* _What is expected_
If pictures appear among the lines below, leave them out while you return exactly the lines from the one with "市民游客在蘇州河畔休憩觀光。本報(bào)記者 李 貞攝" through the one with "Our vision is".

* _Data extracts_
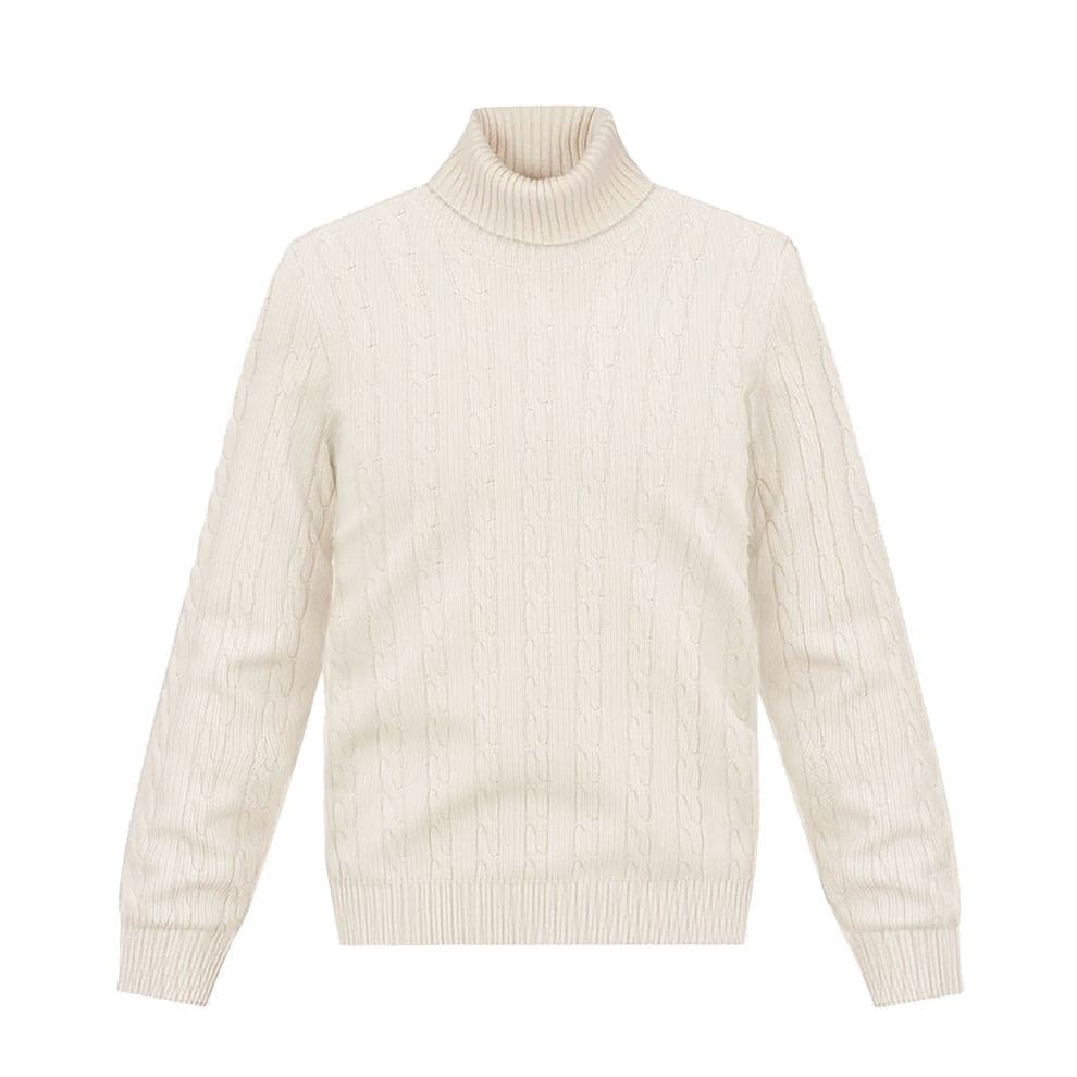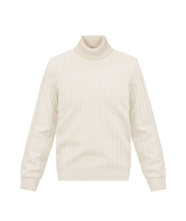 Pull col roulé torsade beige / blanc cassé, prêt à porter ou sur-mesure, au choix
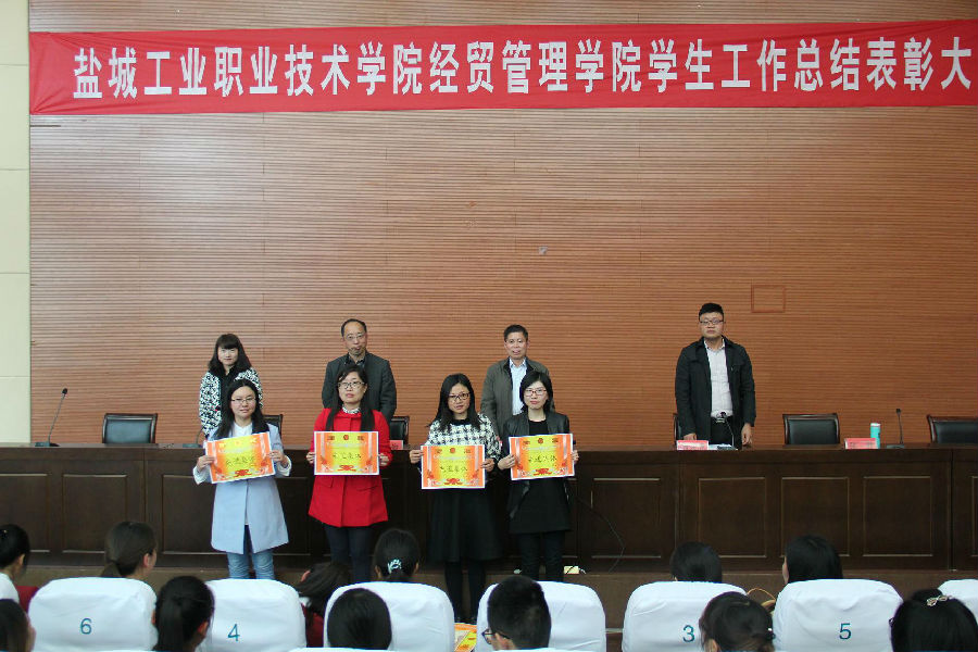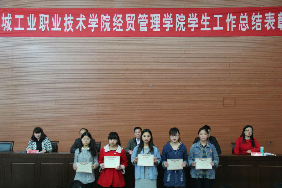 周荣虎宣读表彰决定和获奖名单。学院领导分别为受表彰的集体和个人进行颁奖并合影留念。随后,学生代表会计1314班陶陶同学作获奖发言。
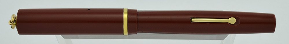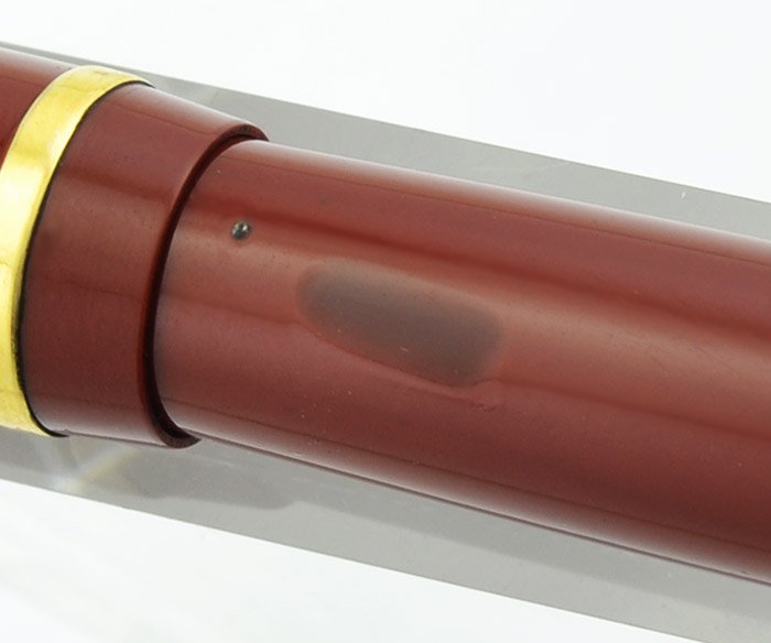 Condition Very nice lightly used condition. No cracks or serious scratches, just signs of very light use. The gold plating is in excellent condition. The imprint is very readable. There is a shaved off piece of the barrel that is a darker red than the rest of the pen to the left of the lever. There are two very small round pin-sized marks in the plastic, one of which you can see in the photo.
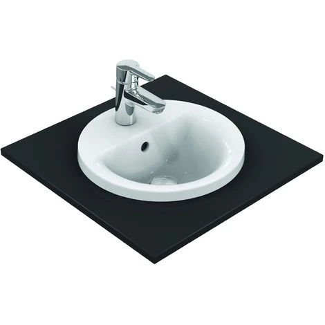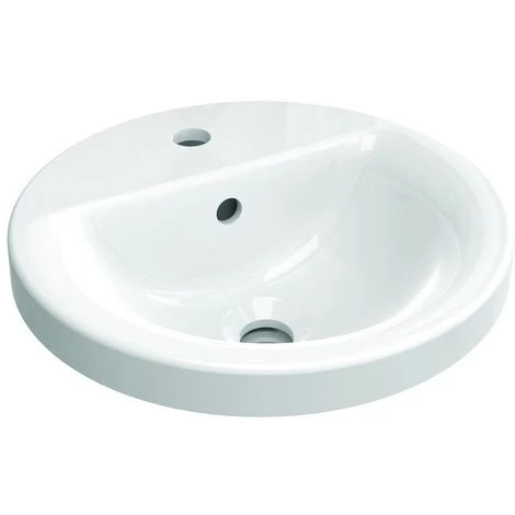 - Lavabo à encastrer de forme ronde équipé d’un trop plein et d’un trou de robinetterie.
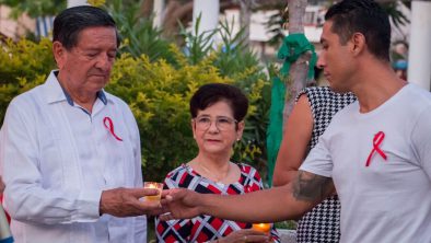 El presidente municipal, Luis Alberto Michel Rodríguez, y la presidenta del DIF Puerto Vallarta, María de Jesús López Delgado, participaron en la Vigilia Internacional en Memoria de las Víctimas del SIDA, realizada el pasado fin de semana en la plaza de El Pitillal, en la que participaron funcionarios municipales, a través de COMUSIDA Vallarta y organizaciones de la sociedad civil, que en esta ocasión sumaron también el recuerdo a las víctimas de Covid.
--
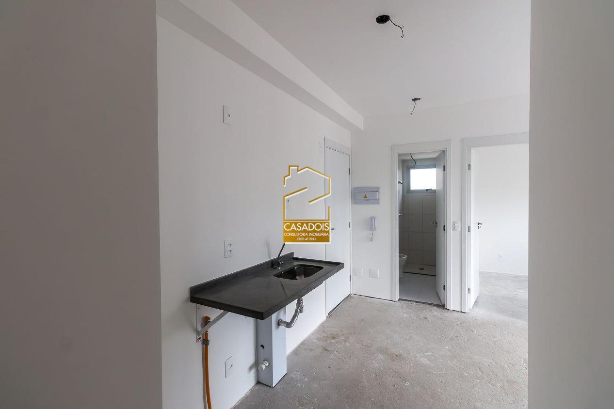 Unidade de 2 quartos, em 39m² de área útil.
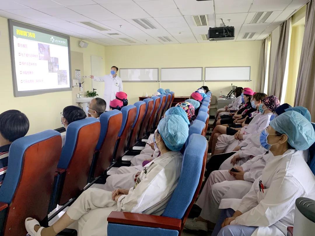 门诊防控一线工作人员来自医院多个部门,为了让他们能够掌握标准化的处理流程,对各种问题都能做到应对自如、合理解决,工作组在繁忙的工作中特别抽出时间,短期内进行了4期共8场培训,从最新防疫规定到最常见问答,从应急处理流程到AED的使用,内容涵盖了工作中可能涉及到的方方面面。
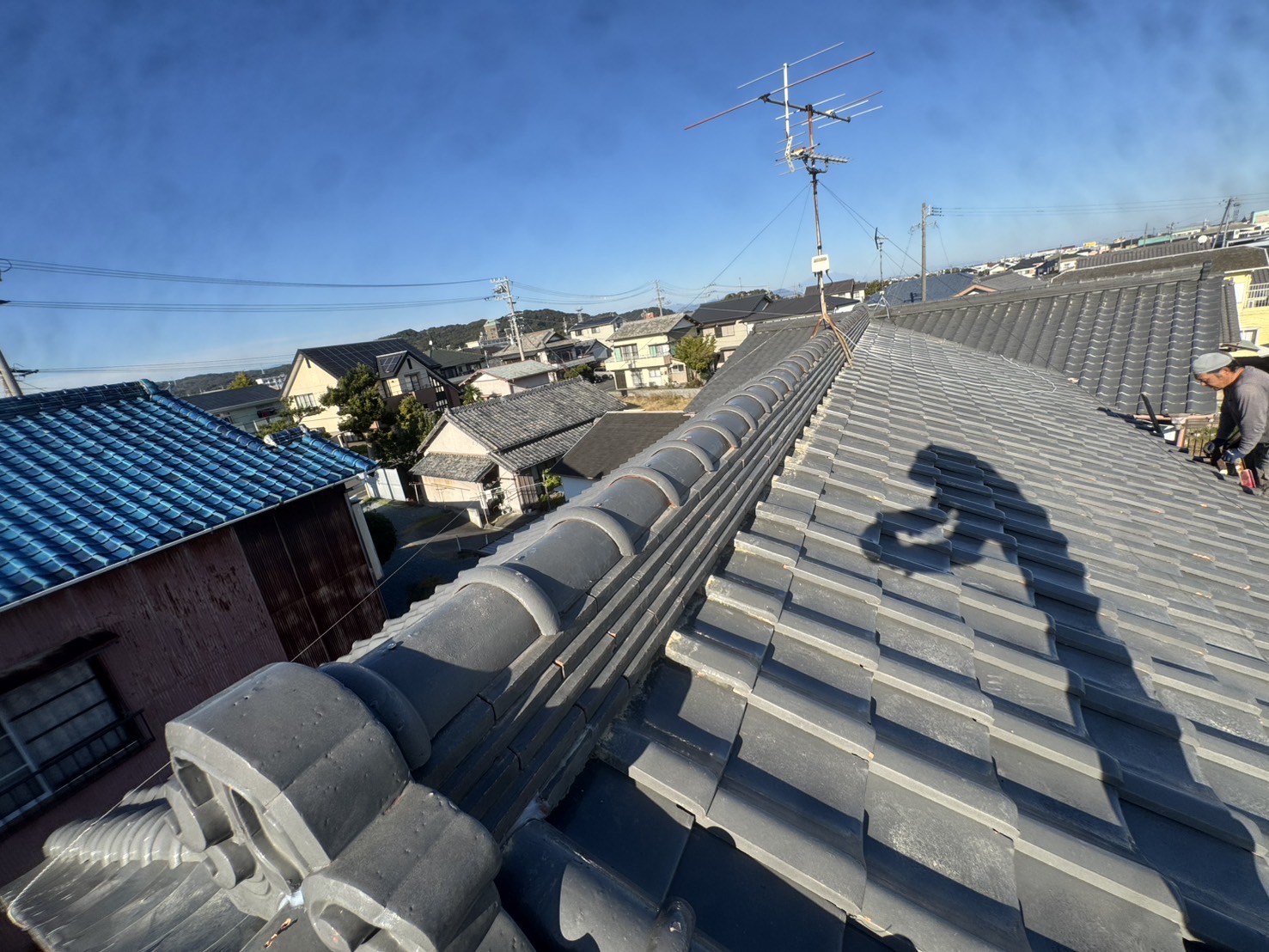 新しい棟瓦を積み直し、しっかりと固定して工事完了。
==
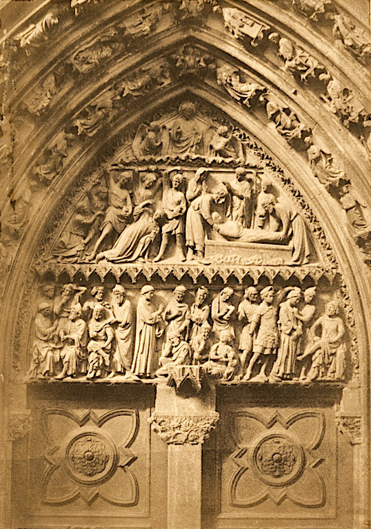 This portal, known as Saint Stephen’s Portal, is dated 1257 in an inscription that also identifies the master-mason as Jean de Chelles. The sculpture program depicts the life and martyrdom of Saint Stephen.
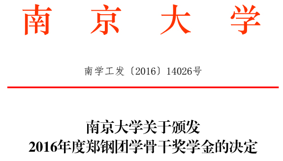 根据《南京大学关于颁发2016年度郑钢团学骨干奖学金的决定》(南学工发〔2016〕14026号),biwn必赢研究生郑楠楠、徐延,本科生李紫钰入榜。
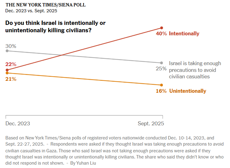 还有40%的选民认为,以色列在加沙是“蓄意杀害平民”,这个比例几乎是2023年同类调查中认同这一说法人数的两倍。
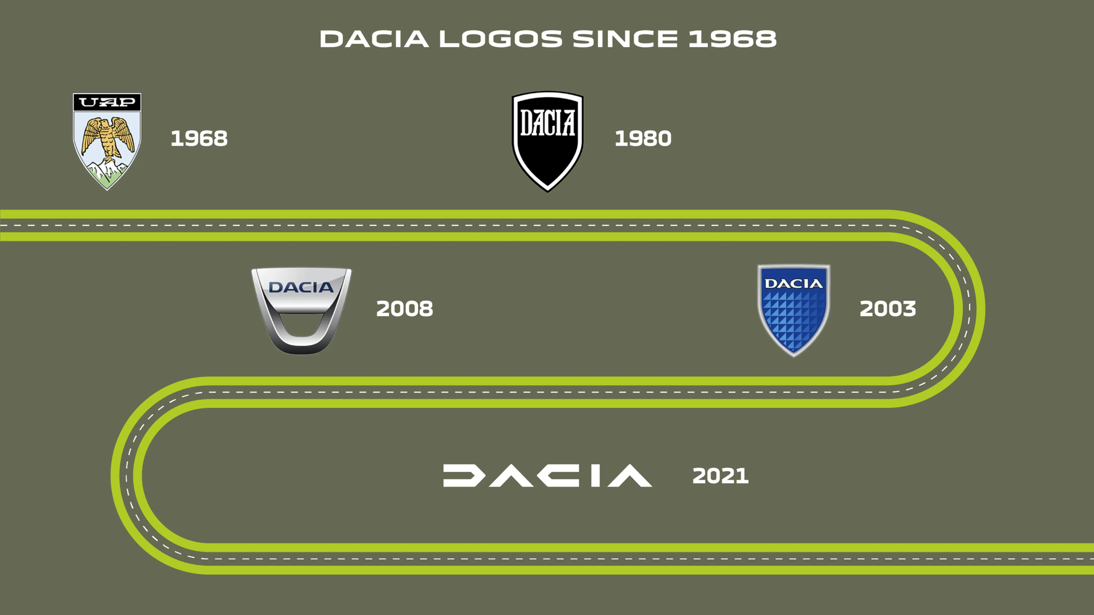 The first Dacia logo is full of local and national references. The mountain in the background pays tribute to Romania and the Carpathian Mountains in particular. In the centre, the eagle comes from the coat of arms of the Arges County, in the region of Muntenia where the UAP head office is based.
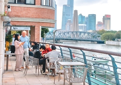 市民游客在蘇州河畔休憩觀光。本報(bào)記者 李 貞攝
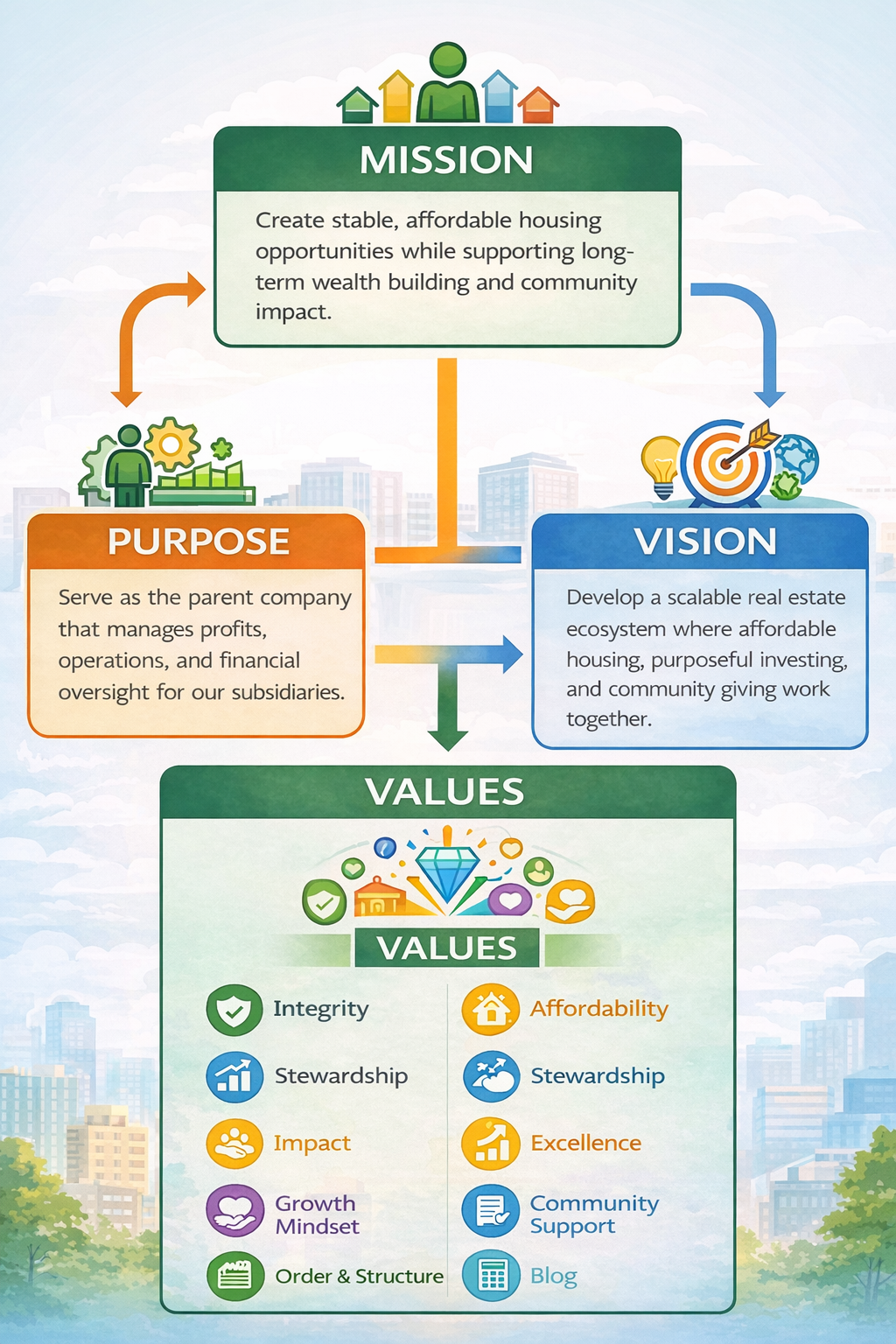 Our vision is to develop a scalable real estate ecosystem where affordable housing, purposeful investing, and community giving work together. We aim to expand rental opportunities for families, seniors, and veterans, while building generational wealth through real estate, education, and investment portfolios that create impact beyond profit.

* _Response box_
 市民游客在蘇州河畔休憩觀光。本報(bào)記者 李 貞攝
 Our vision is to develop a scalable real estate ecosystem where affordable housing, purposeful investing, and community giving work together. We aim to expand rental opportunities for families, seniors, and veterans, while building generational wealth through real estate, education, and investment portfolios that create impact beyond profit.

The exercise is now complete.